Background: The Chilean Ministry of Health has been using standards for nutritional evaluation and weight gain recommendations during pregnancy in the last 25 years. In the meantime new standards have been developed. Aim: To study the combined influence of preconception maternal nutritional status and gestational weight gain, using new standards to classify those parameters, on perinatal outcomes. Material and Methods: A cohort of 11,465 healthy pregnant women was prospectively followed until term. Their pregestational nutritional status was classified using the body mass index cut-offs in use in the United States (USA). Their gestational weight gain was classified using categories proposed in a Danish study. Perinatal outcomes included were risky birth weight, i.e. < 3000 g and ≥4000 g, and cesarean delivery.

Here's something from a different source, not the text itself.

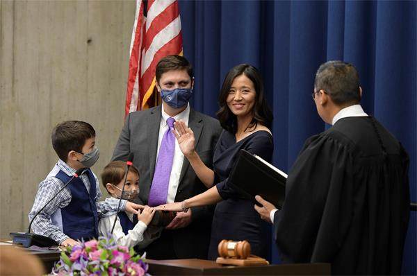2021年11月16日,吴弭在家人陪伴下宣誓就任美国波士顿市长。 2021年11月2日,36岁的华裔候选人吴弭(Michelle Wu)当选美国波士顿市长,成为该城200多年历史上首位亚裔女性市长,打破了波士顿市长选举中白人男性长期垄断的局面。吴弭的成功当选折射出当今美国社会方兴未艾的亚裔政治潮流。 近年美国亚裔参政热情大幅提升,全美当选官员的亚裔人士数量亦逐步上升。据“亚裔美国人委员会”统计
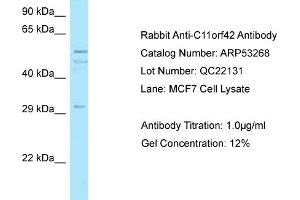 - This is a rabbit polyclonal antibody against C11orf42. It was validated on Western Blot.

Relative risks for those perinatal outcomes were calculated for all combined categories of pregestational nutritional status and gestational weight gain. Results: Relative risks of almost all gestational weight gain results were statistically significant for women having a normal pre-gestational nutritional status meanwhile all of them were not significant for underweight women. Overweight and obese women had similar relative risks values as normal women. However, many of them were not significant, especially in obese women. Conclusions: There is an independent and combined influence of preconception nutritional status and gestational weight gain on perinatal outcomes, when using standards to classify those parameters developed in the USA and Denmark, respectively.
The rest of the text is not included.